Christie’s Westchester accused of robocall abuses

The Christie’s real estate brokerage in Westchester County has been named in a class action lawsuit accusing the firm of pestering consumers with robocalls.

Jonathan Weinberg of Las Vegas accused Christie’s International Real Estate Westchester & Hudson Valley of violating the Telephone Consumer Protection Act (TCPA), in a June 20 complaint filed in U.S. District Court, White Plains.

He has received “unauthorized solicitations” that have harmed him, the complaint states, “in the form of annoyance, nuisance, and invasion of privacy.”

Christie’s established itself in the Hudson Valley in 2019, with the opening of an office in New City, Rockland County, and has since opened offices in Chappaqua, Nyack, Scarsdale and White Plains.

Congress enacted the TCPA in 1991 in response to complaints about recorded telemarketer messages that used computerized auto-dialing technology.

Now telemarketers are supposed to block their calls to residential phone numbers where individuals have enrolled in the National Do Not Call Registry. But the unwanted calls persist, according to the complaint. This past December, for instance, nearly 138 million robocalls were placed daily.

Weinberg says he registered his home phone number in 2005. But beginning last September, he began receiving unwanted calls and text messages from a variety of real estate companies, including seven calls in 18 days from a number associated with Christie’s.

He claims that Christie’s hired a marketer to solicit clients for the firm’s real estate agents.

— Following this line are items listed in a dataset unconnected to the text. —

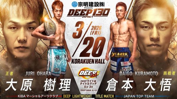 メインはDEEPで7連勝中の倉本大悟が大原樹理に挑むライト級タイトル戦、セミは嶋田伊吹とストラッサー起一の因縁のタイトル戦などDEEP 130 IMPACTの試合順が決定。U-NEXT、DEEPメンバーシップで配信でゲスト解説は村元友太郎、山田聖真。チケットは指定席完売で立見を販売中!
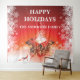 Apportez l'esprit de Noël chez vous ou au bureau avec cette belle bannière rouge, blanche et dorée fausse présentant une jolie boîte à cadeaux rouge qui a été ouverte et d'où s'échappent des étincelles blanches du haut. La boîte porte le mot "Joie" écrit en couleur dorée mat et repose sur une surface blanche brillante au-dessus de laquelle se trouve un fond rouge avec de grands modèles blancs pour votre carte de vœux de Noël de votre famille ou de votre entreprise. Chaque côté du fond est rempli de délicats flocons de neige blancs. Ce design élégant et festif est parfait pour la période des fêtes.
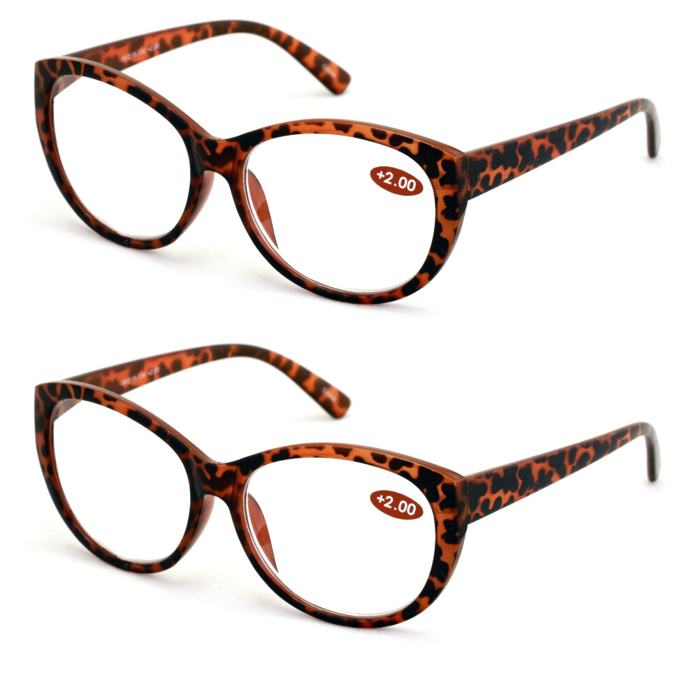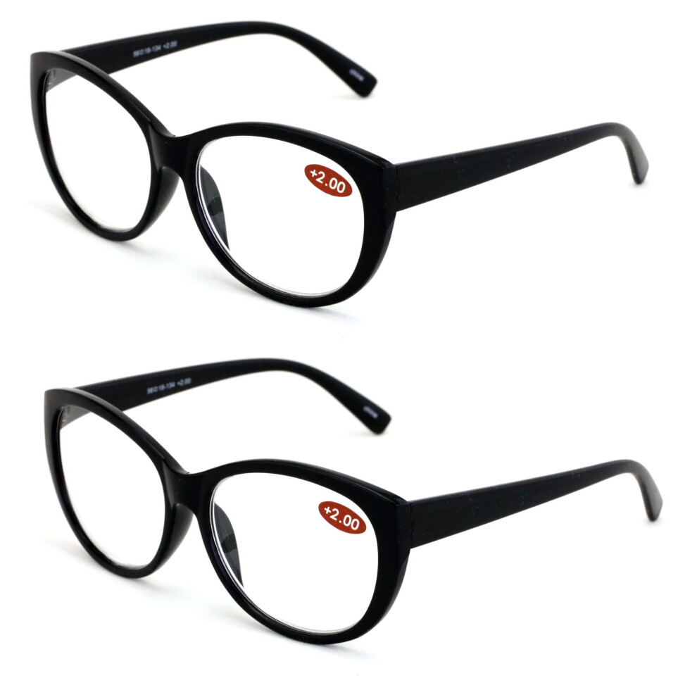 V.W.E. 2 Pairs Women Black Tortoise Reading Glasses Reader Glasses Cateye Vintage Jackie O Black Brown
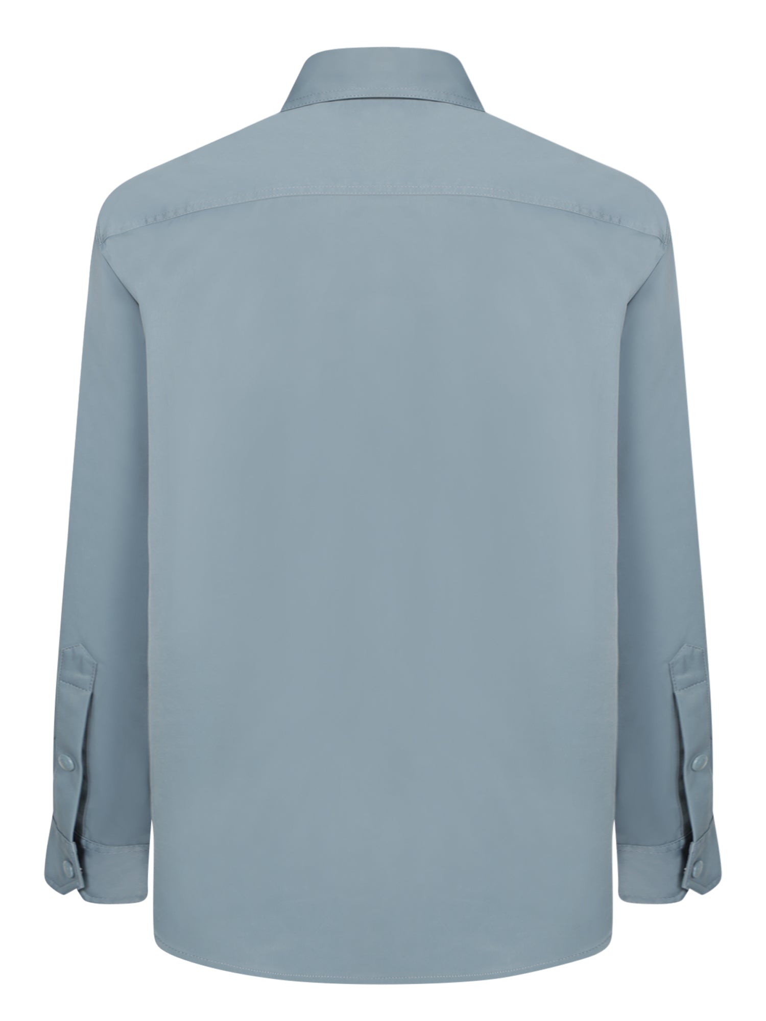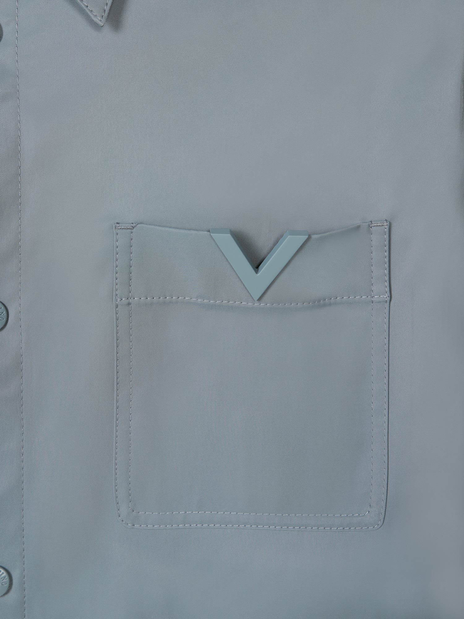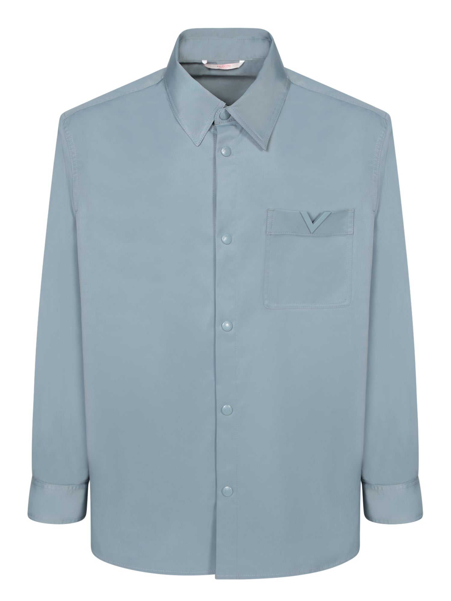 This elegant celestial blue shirt from Valentino showcases minimalist finesse, enriched with the iconic 'V' detail on the pocket, ideal for a sophisticated office look or semi-formal occasions.
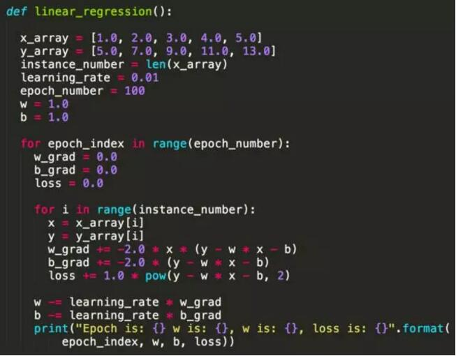 下面是一个最简单的线性回归 Python 实现,模型是简单的 y = w * x + b。
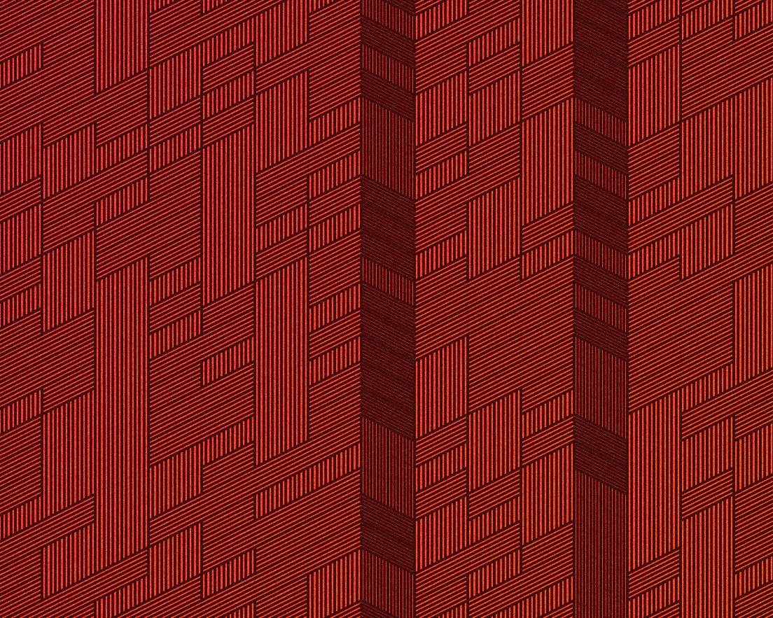 First, the number of concentric squares in each set is randomly altered, disrupting the optical vibration of the grid. Then, the concentric squares snap back to the grid, but their central square is randomly displaced, like a fish hanging on to a sea anemone. Link.
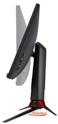 The aforementioned helix stand on the Asus XG279Q is a bit overdesigned and it needs a refresh, but its highly functional and very durable. The mechanism offers tilt, swivel, pivot, and height adjustments, so practically any normal view angle is possible with this model. It also has an LED projector at the bottom which adds an accent light for your setup.
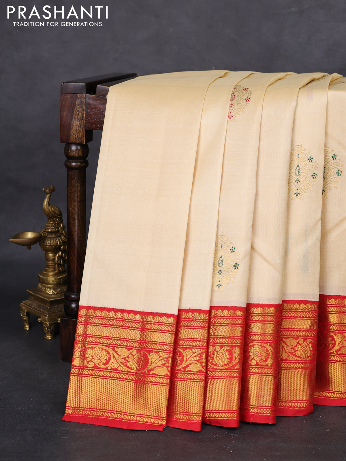 Pure kanchipuram silk saree cream with zari woven buttas and ganga jamuna border
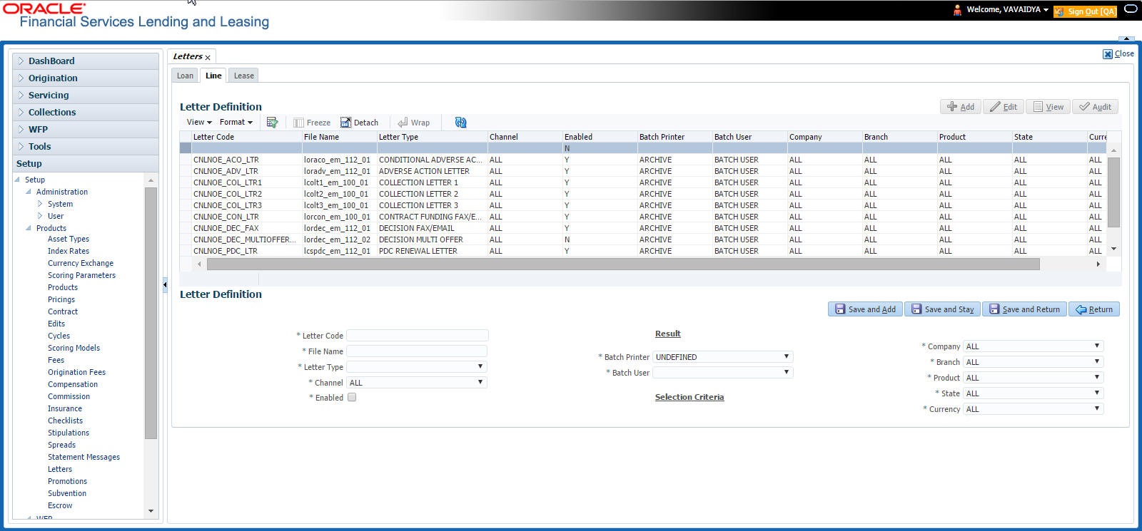 The Letters screen allows you to define letters that the system automatically generates when the application or the account for a products meets certain conditions, or “trigger events.” Each letter has its own trigger event. For example, you can configure the system to automatically send a welcome letter when an application becomes an account or send a collection letters when an account becomes delinquent.
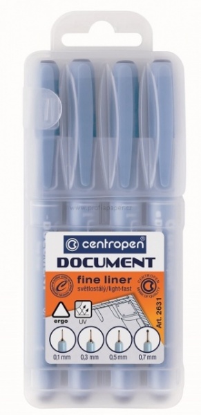 Centropen liner 2631/0,1-0,7mm/4kusy sada. Zvlášť vhodný k vytahování, skicování, technickému kreslení. Plastový hrot v kovové trubičce. Liner je plněn dokumentním světlostálým a vodě odolným inkoustem, vhodným pro kopírování. Linery 2631 mohou využít konstruktéři, návrháři, designéři, výtvarníci, grafici, geodeti, ... Délka stopy 500 až 600 m.

He told the callers to stop, the complaint states, but the calls and text messages continued.

The first text message addressed him as “Steven” and the second asked him to verify his email address and review a home search profile “you just created.”

Weinberg has never dealt with a Christie’s agent, according to the complaint, he does not know who Steven is and he has never used the email he was asked to verify.

Had he found a home yet, he was asked, reviewed mortgage products or considered attending open houses “in your search area?”

The messages repeatedly referred to Chris and his assistant with the Byrne Homes Team, and led to a phone number for the voicemail of Mary JoAnn Byrne, who works in Christie’s Scarsdale office.

Weinberg is also suing on behalf of “hundreds, if not thousands” of people he believes have received similar calls and text messages.

He is demanding unspecified monetary damages and a court order requiring Christie’s to stop making unsolicited calls.

In reply to an email asking for a response to the allegations, Byrne, whose team is repeatedly cited in the complaint but who is not personally named as a defendant, said she had “no comment at this point.”

Weinberg’s attorneys, Stefan Coleman of Manhattan and Avi R. Kaufman, of Coral Gables, Florida, specialize in class action lawsuits and the TCPA.

Weinberg has filed at least four TCPA lawsuits this year in New York, including one that is nearly identical to the current case except for the defendant’s name.

In February he sued Christopher Petti, who works in the Christie’s Scarsdale office.

Petti did not file a formal answer to the allegations. On May 23, U.S. District Judge Cathy Seibel Weinberg allowed Weinberg to file an amended complaint by June 2, and she set a June 23 deadline for Petti to answer the complaint or file a motion to dismiss.

On June 2, Weinberg filed to dismiss his case against Petti. Eighteen days later, his new case was filed against Christie’s.